Your goal: Starting with the line that holds "在完成管道排風量計算、管道布", reproduce each line through the last one of the data, exactly as written. Pictures are not copied.

Exercise data:
:::::

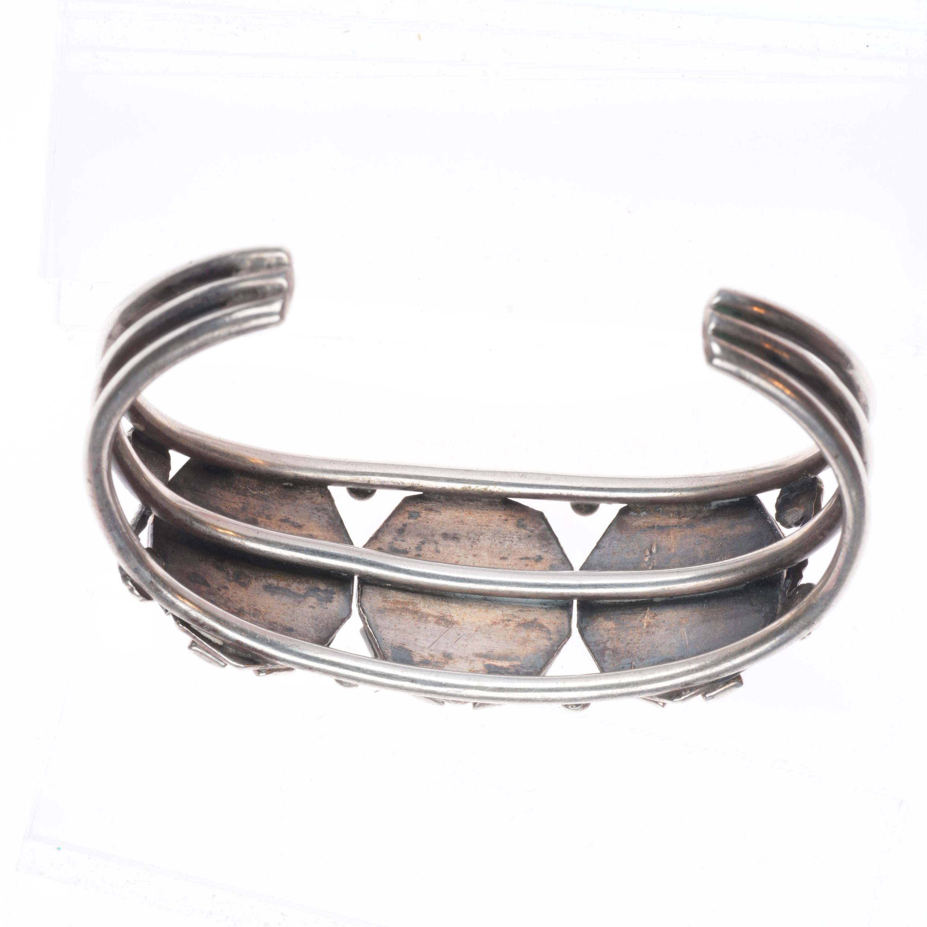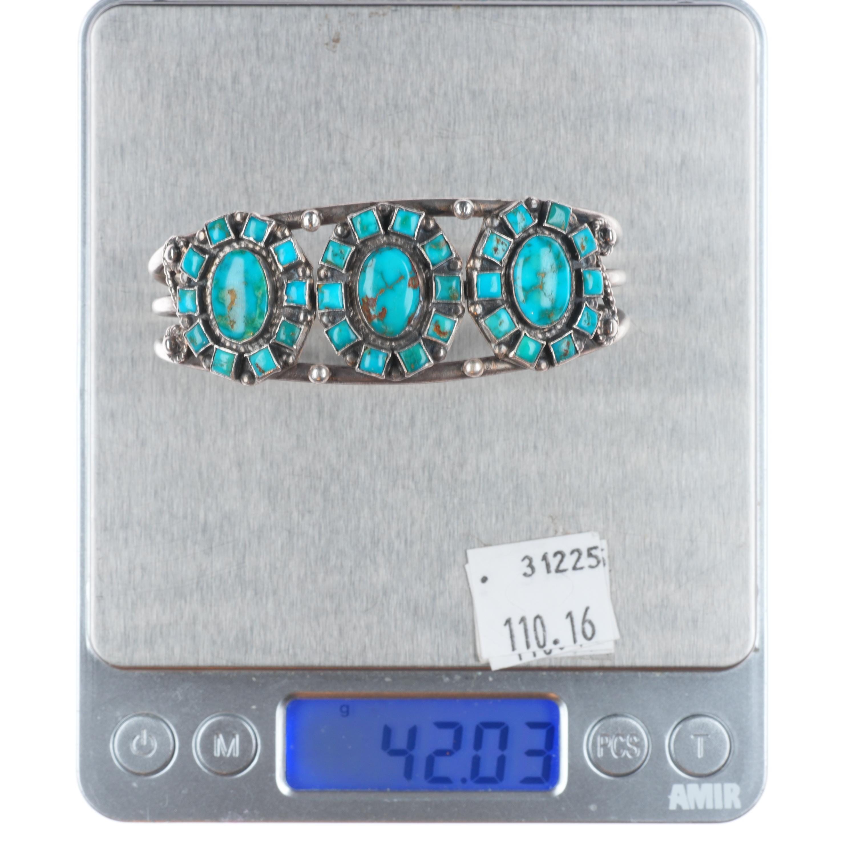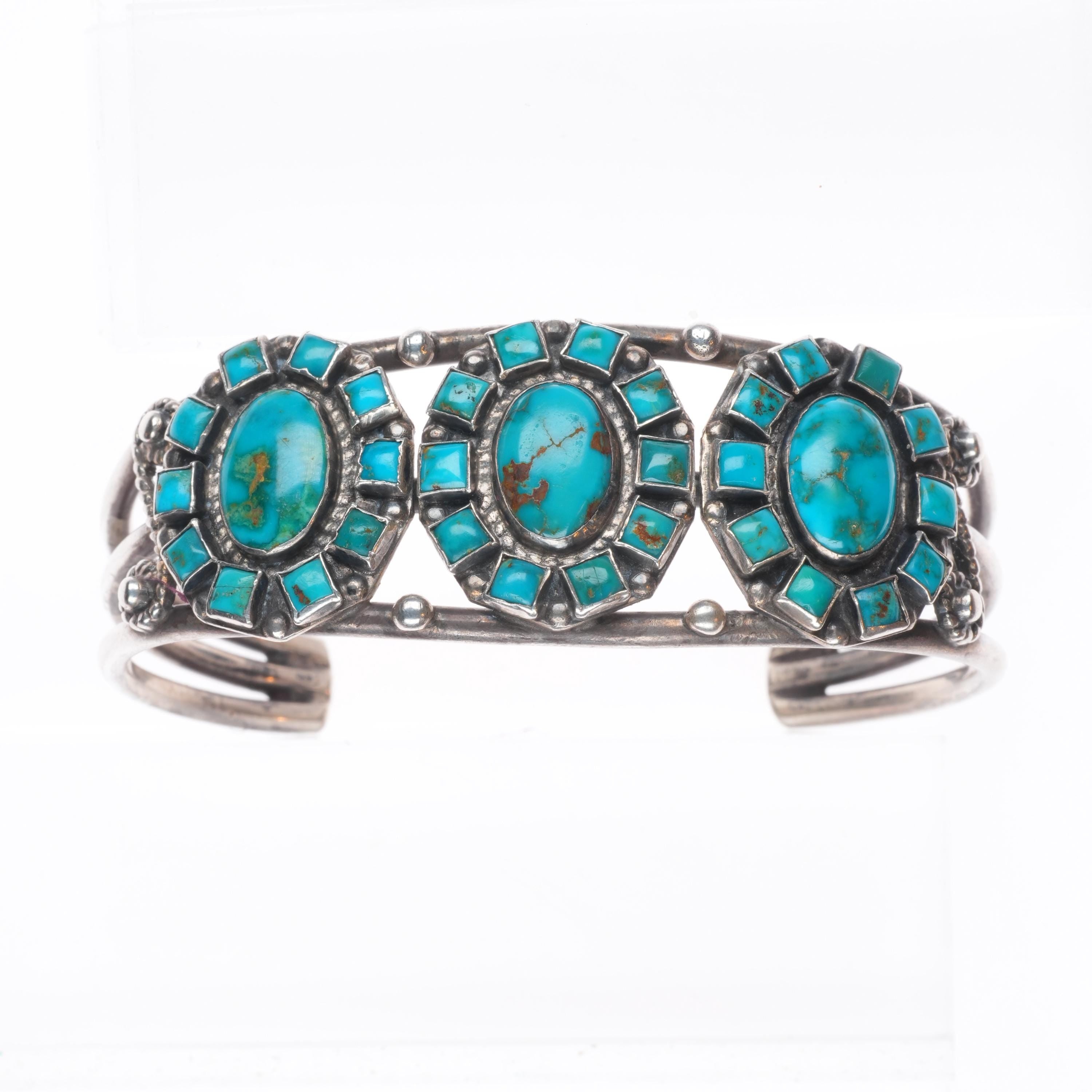 30‘s-40‘s Zuni Blue Gem Turquoise sterling silver square cluster cuff bracelet. Tested and guaranteed solid sterling silver with weight and measurements in pictures. Circa second quarter of the 20th century with age appropriate wear..
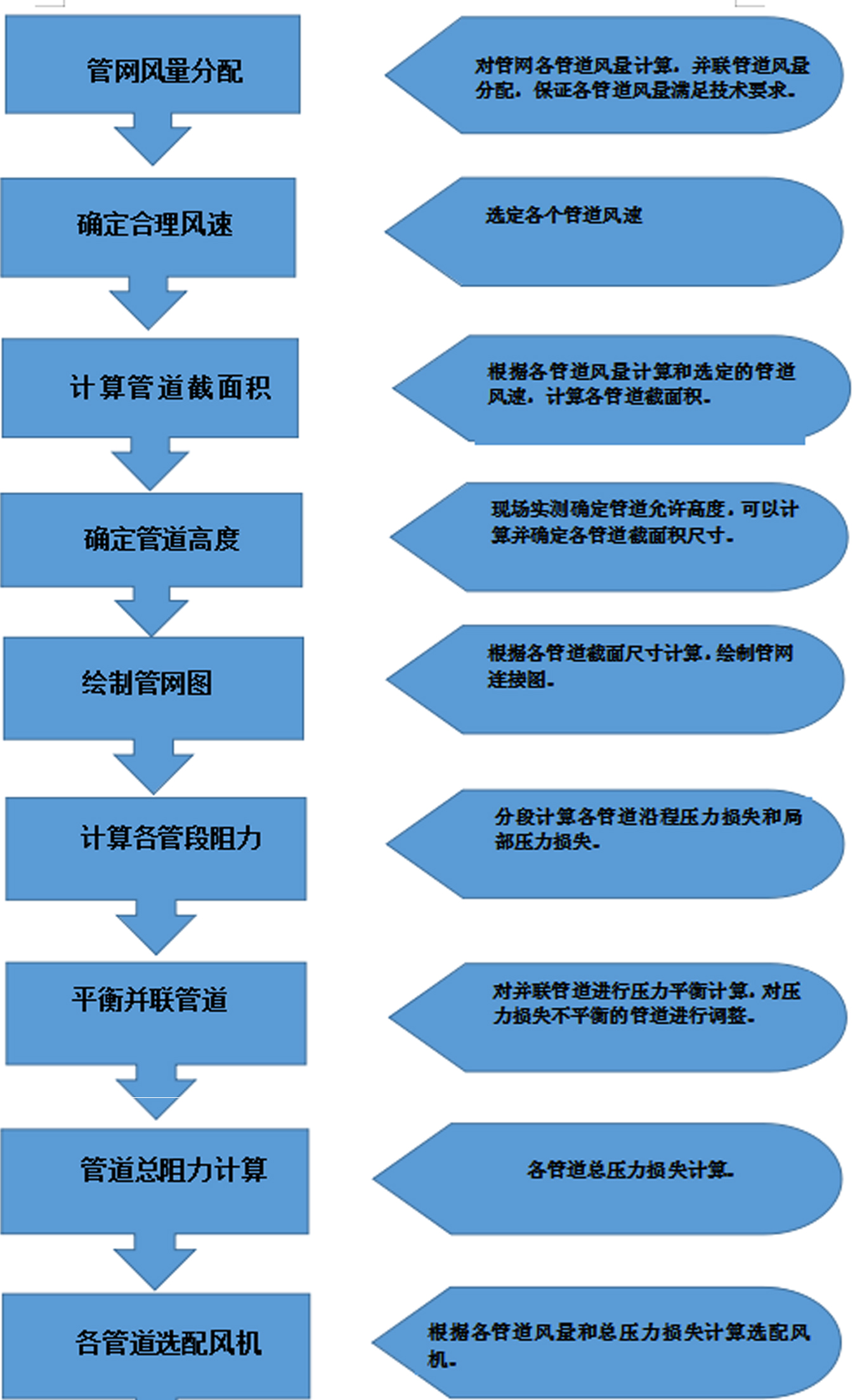 在完成管道排風量計算、管道布設後、開始管道設計計算,可按以下步驟進行。請見下圖。
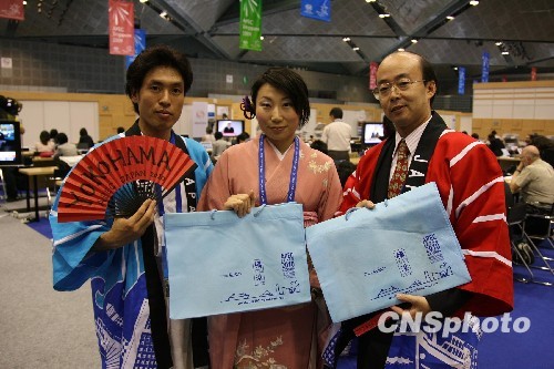 十一月十三日,本届新加坡APEC工商领袖峰会刚刚启幕,万众瞩目的APEC领导人峰会高潮尚未来临,但下届举办地的日本横滨相关人士已急不及待在会场内穿梭推介。中新社发 郑祚声 摄
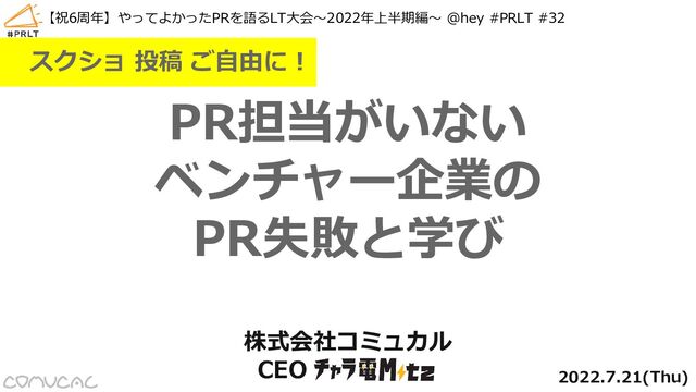 PR担当がいない ベンチャー企業の PR失敗と学び 2022.7.21(Thu) 株式会社コミュカル スクショ 投稿 ご自由に! CEO 【祝6周年】やってよかったPRを語るLT大会~2022年上半期編~

:::::

Result of the task:
 在完成管道排風量計算、管道布設後、開始管道設計計算,可按以下步驟進行。請見下圖。
 十一月十三日,本届新加坡APEC工商领袖峰会刚刚启幕,万众瞩目的APEC领导人峰会高潮尚未来临,但下届举办地的日本横滨相关人士已急不及待在会场内穿梭推介。中新社发 郑祚声 摄
 PR担当がいない ベンチャー企業の PR失敗と学び 2022.7.21(Thu) 株式会社コミュカル スクショ 投稿 ご自由に! CEO 【祝6周年】やってよかったPRを語るLT大会~2022年上半期編~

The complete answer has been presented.